(Listed records Opens)
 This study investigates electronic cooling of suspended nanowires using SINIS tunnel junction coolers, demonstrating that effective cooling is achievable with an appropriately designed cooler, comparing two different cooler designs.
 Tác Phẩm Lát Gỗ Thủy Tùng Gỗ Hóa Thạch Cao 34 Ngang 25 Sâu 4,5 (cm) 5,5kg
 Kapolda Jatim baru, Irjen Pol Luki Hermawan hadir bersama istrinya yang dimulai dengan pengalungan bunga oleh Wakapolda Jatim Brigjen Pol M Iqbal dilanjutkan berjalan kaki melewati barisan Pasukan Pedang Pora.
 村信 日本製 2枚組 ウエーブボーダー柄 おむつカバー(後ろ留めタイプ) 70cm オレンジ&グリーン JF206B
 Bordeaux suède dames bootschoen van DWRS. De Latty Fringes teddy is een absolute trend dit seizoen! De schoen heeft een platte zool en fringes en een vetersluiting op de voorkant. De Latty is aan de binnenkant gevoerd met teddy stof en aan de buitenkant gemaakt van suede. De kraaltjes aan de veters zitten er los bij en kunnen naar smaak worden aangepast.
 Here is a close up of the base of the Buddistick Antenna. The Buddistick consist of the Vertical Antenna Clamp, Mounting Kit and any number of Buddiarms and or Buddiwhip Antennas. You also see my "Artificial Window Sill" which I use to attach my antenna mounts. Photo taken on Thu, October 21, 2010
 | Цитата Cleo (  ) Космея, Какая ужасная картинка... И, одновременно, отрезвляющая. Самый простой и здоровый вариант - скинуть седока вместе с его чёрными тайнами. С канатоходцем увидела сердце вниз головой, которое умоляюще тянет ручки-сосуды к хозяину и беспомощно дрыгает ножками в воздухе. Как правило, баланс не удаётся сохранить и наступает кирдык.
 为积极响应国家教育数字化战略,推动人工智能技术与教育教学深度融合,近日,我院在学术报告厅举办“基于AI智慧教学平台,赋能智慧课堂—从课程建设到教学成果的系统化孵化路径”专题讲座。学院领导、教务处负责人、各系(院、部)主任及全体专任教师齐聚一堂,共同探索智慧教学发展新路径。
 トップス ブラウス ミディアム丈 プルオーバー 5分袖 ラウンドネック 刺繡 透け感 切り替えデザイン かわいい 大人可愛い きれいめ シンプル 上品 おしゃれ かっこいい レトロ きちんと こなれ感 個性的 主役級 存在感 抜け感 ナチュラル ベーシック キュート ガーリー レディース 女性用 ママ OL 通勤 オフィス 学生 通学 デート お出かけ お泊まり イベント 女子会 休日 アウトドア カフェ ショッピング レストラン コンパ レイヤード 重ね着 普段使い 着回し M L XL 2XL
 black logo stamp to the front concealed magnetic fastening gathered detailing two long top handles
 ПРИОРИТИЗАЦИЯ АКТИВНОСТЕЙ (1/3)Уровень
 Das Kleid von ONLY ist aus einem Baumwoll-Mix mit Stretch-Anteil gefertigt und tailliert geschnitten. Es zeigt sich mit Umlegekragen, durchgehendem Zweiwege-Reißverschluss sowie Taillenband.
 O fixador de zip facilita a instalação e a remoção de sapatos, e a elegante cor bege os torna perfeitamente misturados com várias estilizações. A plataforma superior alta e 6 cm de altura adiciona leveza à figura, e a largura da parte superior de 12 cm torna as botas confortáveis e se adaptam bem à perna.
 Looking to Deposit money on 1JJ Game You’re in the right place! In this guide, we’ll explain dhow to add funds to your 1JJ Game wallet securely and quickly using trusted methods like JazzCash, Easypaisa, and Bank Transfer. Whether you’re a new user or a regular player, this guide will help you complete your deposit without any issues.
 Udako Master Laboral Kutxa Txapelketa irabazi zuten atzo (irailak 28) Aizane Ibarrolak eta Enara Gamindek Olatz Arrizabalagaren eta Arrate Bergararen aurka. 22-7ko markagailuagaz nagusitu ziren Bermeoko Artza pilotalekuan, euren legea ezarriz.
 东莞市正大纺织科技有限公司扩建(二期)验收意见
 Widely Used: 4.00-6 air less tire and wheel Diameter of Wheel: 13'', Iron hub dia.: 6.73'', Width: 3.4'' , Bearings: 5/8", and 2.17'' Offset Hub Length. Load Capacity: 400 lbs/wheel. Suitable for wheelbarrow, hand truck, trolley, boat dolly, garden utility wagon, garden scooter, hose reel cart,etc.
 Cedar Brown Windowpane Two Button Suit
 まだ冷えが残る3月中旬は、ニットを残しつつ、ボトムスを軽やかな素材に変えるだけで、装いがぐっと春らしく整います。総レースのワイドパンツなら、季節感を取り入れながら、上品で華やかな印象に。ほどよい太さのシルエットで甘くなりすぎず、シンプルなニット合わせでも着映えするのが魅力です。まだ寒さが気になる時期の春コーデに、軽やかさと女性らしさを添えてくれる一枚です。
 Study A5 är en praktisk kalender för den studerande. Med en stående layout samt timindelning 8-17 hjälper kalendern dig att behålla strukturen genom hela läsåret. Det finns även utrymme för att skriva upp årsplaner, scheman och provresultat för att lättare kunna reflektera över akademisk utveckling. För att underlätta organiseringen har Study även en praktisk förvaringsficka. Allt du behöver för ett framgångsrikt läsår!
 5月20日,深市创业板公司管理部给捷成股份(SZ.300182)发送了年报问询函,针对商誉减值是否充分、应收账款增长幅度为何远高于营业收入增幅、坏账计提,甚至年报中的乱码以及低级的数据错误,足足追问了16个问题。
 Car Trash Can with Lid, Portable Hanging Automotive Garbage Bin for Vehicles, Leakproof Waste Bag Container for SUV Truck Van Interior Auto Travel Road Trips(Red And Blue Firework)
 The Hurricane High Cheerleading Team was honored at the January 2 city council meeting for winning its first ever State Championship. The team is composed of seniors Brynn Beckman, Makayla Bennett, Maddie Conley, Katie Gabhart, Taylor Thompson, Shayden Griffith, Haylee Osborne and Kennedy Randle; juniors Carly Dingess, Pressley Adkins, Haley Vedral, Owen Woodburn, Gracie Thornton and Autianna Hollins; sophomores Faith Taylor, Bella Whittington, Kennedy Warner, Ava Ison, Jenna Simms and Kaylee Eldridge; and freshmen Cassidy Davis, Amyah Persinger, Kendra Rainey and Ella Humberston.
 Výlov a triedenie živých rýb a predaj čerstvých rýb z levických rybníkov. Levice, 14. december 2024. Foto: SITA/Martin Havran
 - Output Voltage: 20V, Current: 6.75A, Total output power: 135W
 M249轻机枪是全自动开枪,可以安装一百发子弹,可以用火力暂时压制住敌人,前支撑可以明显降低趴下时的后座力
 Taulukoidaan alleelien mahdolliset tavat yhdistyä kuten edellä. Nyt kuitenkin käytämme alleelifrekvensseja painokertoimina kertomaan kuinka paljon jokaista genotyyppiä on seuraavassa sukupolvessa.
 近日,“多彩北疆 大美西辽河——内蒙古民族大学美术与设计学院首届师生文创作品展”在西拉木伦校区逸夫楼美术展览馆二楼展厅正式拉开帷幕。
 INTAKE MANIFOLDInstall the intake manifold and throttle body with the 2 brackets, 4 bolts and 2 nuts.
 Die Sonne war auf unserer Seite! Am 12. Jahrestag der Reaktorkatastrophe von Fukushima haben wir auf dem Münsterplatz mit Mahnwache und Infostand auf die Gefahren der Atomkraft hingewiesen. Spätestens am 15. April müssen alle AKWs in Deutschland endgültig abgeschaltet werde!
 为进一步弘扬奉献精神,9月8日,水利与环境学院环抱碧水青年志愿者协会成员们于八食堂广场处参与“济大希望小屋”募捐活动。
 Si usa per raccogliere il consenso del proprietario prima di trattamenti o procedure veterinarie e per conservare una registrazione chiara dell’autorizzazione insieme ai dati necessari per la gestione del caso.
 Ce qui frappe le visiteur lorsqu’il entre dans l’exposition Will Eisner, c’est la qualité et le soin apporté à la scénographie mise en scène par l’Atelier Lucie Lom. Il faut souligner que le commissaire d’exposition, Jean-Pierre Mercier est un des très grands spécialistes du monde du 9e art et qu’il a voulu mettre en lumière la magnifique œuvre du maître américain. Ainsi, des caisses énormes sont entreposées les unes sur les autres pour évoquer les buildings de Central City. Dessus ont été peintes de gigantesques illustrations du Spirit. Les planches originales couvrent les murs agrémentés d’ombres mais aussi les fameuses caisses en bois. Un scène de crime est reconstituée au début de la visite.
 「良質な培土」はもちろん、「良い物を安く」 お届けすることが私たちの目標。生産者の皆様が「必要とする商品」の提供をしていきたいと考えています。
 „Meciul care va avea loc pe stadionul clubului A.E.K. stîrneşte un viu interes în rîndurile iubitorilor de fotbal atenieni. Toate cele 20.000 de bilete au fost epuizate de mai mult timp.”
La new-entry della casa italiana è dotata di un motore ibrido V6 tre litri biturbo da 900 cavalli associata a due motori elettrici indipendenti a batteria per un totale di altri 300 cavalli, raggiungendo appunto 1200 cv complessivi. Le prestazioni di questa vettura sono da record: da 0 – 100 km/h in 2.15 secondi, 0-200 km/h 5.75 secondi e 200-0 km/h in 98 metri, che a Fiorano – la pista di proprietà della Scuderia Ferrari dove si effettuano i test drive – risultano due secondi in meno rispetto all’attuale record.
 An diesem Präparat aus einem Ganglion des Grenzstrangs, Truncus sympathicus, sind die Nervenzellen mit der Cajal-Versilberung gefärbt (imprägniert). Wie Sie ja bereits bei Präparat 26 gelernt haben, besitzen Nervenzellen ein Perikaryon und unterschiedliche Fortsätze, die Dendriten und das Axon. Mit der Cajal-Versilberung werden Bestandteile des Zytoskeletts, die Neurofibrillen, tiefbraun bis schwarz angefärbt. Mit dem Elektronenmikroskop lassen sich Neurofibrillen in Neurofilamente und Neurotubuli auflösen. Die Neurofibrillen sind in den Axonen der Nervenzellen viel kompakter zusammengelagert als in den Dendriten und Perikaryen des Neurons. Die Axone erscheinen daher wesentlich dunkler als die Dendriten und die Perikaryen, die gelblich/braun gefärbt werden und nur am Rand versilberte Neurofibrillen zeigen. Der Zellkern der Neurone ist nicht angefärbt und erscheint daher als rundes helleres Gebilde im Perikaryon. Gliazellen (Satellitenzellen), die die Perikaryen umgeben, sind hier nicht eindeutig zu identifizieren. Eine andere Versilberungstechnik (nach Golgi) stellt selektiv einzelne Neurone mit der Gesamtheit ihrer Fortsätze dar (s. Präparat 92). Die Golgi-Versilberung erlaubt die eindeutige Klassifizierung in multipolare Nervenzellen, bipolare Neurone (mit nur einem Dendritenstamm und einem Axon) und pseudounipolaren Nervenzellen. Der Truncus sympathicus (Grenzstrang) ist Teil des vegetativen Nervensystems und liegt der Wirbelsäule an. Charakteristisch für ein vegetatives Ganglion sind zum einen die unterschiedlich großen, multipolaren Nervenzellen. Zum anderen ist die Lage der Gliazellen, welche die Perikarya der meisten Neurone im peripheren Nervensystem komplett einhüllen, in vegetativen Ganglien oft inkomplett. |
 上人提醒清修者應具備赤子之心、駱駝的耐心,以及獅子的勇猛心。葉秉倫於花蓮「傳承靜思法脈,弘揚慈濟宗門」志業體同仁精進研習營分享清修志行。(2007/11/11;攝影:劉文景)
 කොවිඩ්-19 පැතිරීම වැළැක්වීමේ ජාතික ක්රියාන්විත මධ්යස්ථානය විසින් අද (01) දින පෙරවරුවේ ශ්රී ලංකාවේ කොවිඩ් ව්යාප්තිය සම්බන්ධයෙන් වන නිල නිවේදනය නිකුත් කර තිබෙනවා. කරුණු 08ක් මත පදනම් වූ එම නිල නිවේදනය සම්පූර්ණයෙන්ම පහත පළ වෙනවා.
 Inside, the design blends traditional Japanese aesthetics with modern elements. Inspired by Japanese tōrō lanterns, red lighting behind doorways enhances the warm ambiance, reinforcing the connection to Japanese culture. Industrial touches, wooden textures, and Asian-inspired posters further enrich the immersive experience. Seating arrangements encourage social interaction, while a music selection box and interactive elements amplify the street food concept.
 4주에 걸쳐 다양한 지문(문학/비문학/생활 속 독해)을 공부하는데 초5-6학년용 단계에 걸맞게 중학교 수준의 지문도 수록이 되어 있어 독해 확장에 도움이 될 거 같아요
(Listed records Closes)
_Task goal_:
Pull every line containing "using" from the entries above and copy it.

_Solution_:
 This study investigates electronic cooling of suspended nanowires using SINIS tunnel junction coolers, demonstrating that effective cooling is achievable with an appropriately designed cooler, comparing two different cooler designs.
 Looking to Deposit money on 1JJ Game You’re in the right place! In this guide, we’ll explain dhow to add funds to your 1JJ Game wallet securely and quickly using trusted methods like JazzCash, Easypaisa, and Bank Transfer. Whether you’re a new user or a regular player, this guide will help you complete your deposit without any issues.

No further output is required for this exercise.